Intervensi tersebut dilakukan seminggu setelah runtuhnya rezim Assad menyusul serangan kilat yang dilakukan kelompok pemberontak Hayat Tahrir al-Sham (HTS).
Warga Suriah membeli roti di kota Douma di pinggiran ibu kota Damaskus pada 15 Desember 2024
Gambar udara menunjukkan pengunjuk rasa menyeret patung mendiang presiden Hafez al-Assad yang digulingkan di jalan selama unjuk rasa mahasiswa di dekat kampus Universitas Damaskus di ibu kota Suriah pada 15 Desember 2024
£30 juta akan disalurkan di Suriah untuk makanan, tempat tinggal dan perawatan kesehatan darurat, sementara £10 juta akan disalurkan ke Program Pangan Dunia (WFP) di Lebanon dan £10 juta ke WFP dan badan pengungsi PBB.
Sejak itu, pemerintah negara-negara Barat memperdebatkan cara menangani HTS, yang merupakan organisasi terlarang di Inggris karena kedekatannya dengan al Qaeda.
Pemimpinnya saat ini, Ahmad al-Sharaa, yang menggunakan nama samaran Mohammed al-Golani sebelum mengambil alih kekuasaan, telah berusaha menjauhkan gerakannya dari kelompok teroris tersebut.
Ada juga kekhawatiran bahwa kekosongan kekuasaan di Suriah dapat memperburuk ketegangan regional dan menciptakan kondisi bagi kelompok yang menamakan diri Negara Islam atau ISIS untuk kembali berkuasa.
Menteri Luar Negeri David Lammy mengatakan: ‘Jatuhnya rezim Assad yang mengerikan memberikan kesempatan sekali dalam satu generasi bagi rakyat Suriah.

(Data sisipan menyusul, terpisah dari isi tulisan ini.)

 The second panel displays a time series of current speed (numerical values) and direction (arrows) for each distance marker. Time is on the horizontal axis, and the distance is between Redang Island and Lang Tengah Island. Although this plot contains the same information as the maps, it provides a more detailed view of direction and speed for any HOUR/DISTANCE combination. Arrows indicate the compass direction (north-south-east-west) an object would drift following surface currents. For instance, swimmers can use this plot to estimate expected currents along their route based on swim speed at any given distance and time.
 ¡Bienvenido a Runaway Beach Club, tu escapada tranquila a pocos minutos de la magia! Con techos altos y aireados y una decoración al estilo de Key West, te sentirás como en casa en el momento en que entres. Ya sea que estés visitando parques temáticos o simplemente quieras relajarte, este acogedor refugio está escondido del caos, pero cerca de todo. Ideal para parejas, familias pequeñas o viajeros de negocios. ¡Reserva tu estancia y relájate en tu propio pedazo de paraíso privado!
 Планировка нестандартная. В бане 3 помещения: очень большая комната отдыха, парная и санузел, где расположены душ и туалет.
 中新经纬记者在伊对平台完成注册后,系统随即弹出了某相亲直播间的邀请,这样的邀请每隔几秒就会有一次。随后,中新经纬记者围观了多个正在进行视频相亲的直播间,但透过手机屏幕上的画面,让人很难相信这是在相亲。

“Kami berkomitmen untuk mendukung rakyat Suriah yang sedang merencanakan arah baru, pertama dengan menyediakan makanan baru, layanan kesehatan, dan bantuan senilai £50 juta untuk mendukung kebutuhan kemanusiaan warga Suriah yang rentan. Kedua, dengan bekerja secara diplomatis untuk membantu menjamin pemerintahan yang lebih baik di masa depan Suriah.
Akhir pekan ini Inggris dan mitranya sepakat untuk menyetujui prinsip-prinsip yang diperlukan untuk mendukung proses transisi politik yang dipimpin Suriah. Sangat penting bagi pemerintahan Suriah di masa depan untuk menyatukan semua kelompok untuk membangun stabilitas dan menghormati rakyat Suriah.’

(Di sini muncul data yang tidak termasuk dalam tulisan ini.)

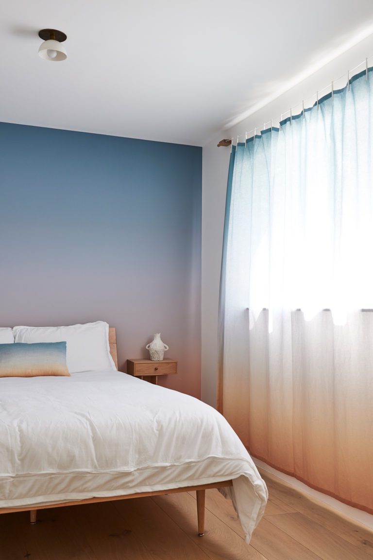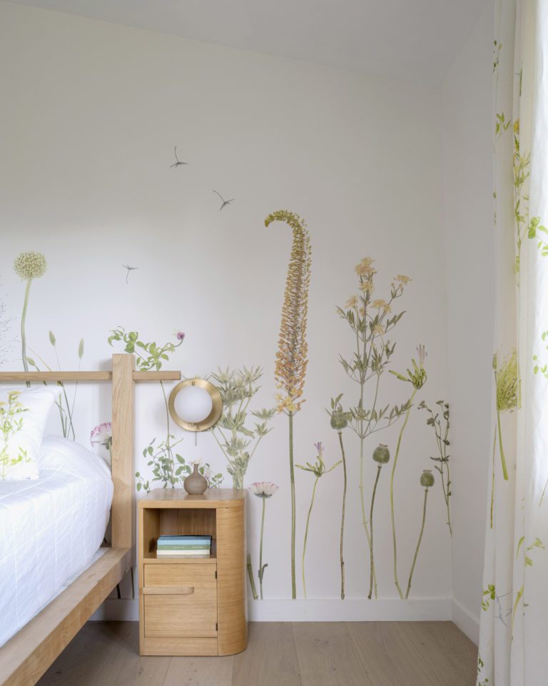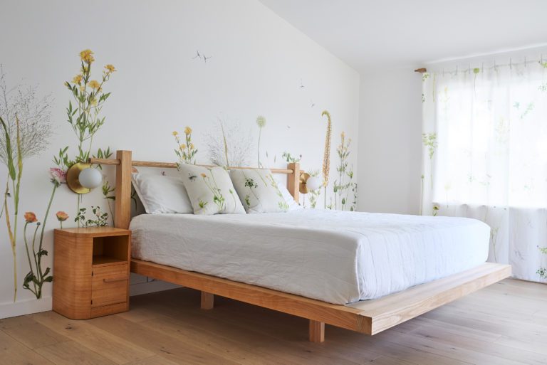 Calico Wallpaper’s Flora Collection in the colorway Wildflower in the master bedroom (3rd & 7th images), Aurora Collection in the colorway Ray in one bedroom (5th image) and the colorway Petal in another bedroom (6th image).
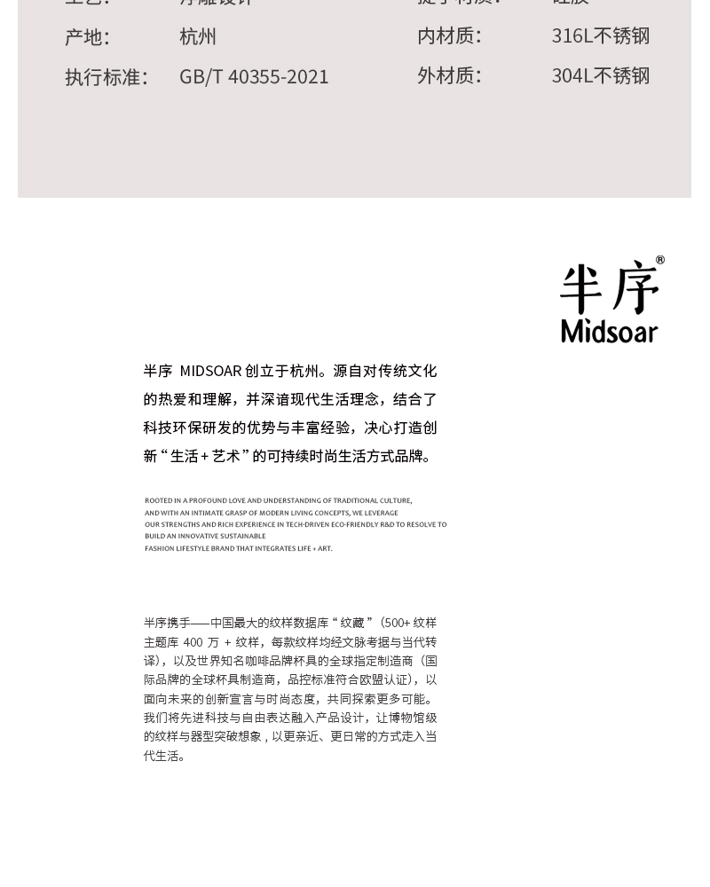 Midsoar半序律动花园系列316L不锈钢小口保温杯女便携保温保冷

Sir Keir Starmer pada hari Jumat mengatakan pada pertemuan virtual para pemimpin G7 bahwa ‘jatuhnya rezim brutal (Bashar) Assad harus disambut baik tetapi kita harus berhati-hati tentang apa yang akan terjadi selanjutnya’.
Dalam sebuah pernyataan pada hari Kamis, para pemimpin mengatakan mereka berkomitmen untuk ‘bekerja sama dan mendukung penuh’ pemerintahan Suriah di masa depan yang setuju untuk memastikan ‘penghormatan terhadap supremasi hukum, hak asasi manusia universal, termasuk hak-hak perempuan, perlindungan semua warga Suriah,’ termasuk agama dan etnis minoritas, transparansi dan akuntabilitas’.